● WORK ORDER
Keep the lines exact and the pictures out as you repeat the following listing.

● DATA SECTION
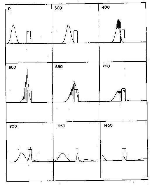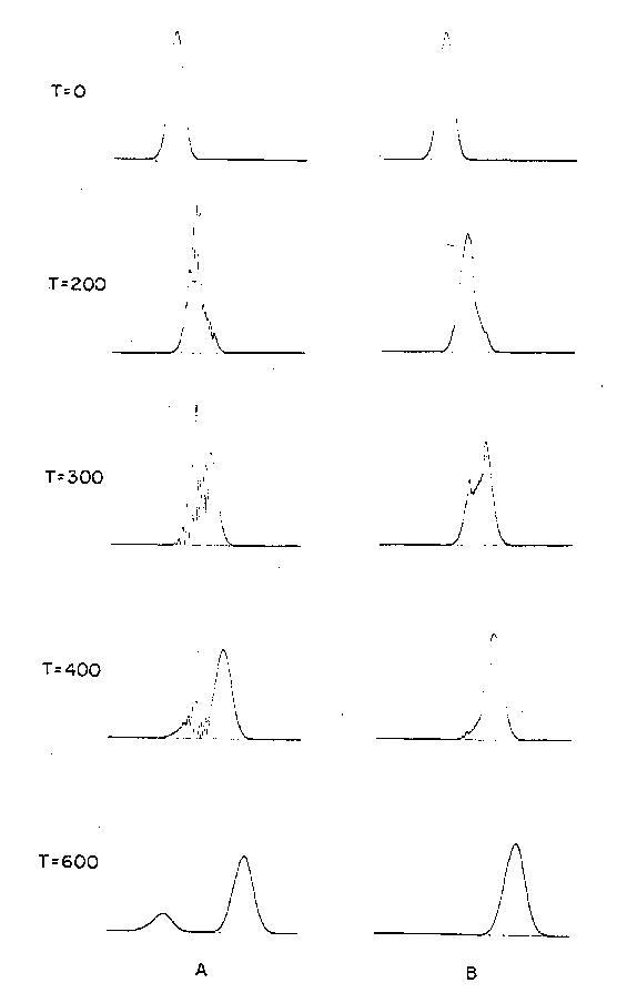 The equation to be solved is the time dependent Schroedinger equation. In general we solve this partial differential equation in position space for the complex function (x,t) at each time t for somewhere between 1000 and 2000 values of x. Except where otherwise indicated the absolute square of this function is the plotted curve in the figures. Interested readers may find the computational techniques described in Am. Jour. of Phys. 35, 177 (1967).
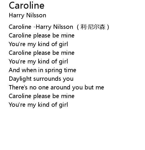 | [00:00.00] | Caroline -Harry Nilsson (利·尼尔森) |
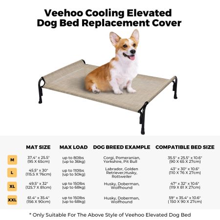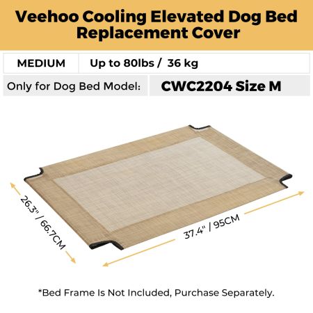 Size Dimensions Weight M 37.4''L×25.5''W 0.80lbs L 45.5''L×30''W 1.30lbs XL 49.5''L×32''W 1.50lbs XXL 61.4''L×35.4''W 1.70lbs Item Number CWCD2204CP Compatible Product Model CWC2204CP Weight 1.00lbs Species Dogs Product Feature Breathable, Chewproof, Cooling Cover Material Teslin Fabric Fill Material N/A Lifestage All Lifestages Assembly Required No Tools Included N/A This Dog bed replacement cover is designed for veehoo bed model: CWC2204CP. Bed frame not included, purchase separately.

● YOUR RESPONSE
 The equation to be solved is the time dependent Schroedinger equation. In general we solve this partial differential equation in position space for the complex function (x,t) at each time t for somewhere between 1000 and 2000 values of x. Except where otherwise indicated the absolute square of this function is the plotted curve in the figures. Interested readers may find the computational techniques described in Am. Jour. of Phys. 35, 177 (1967).
 | [00:00.00] | Caroline -Harry Nilsson (利·尼尔森) |
 Size Dimensions Weight M 37.4''L×25.5''W 0.80lbs L 45.5''L×30''W 1.30lbs XL 49.5''L×32''W 1.50lbs XXL 61.4''L×35.4''W 1.70lbs Item Number CWCD2204CP Compatible Product Model CWC2204CP Weight 1.00lbs Species Dogs Product Feature Breathable, Chewproof, Cooling Cover Material Teslin Fabric Fill Material N/A Lifestage All Lifestages Assembly Required No Tools Included N/A This Dog bed replacement cover is designed for veehoo bed model: CWC2204CP. Bed frame not included, purchase separately.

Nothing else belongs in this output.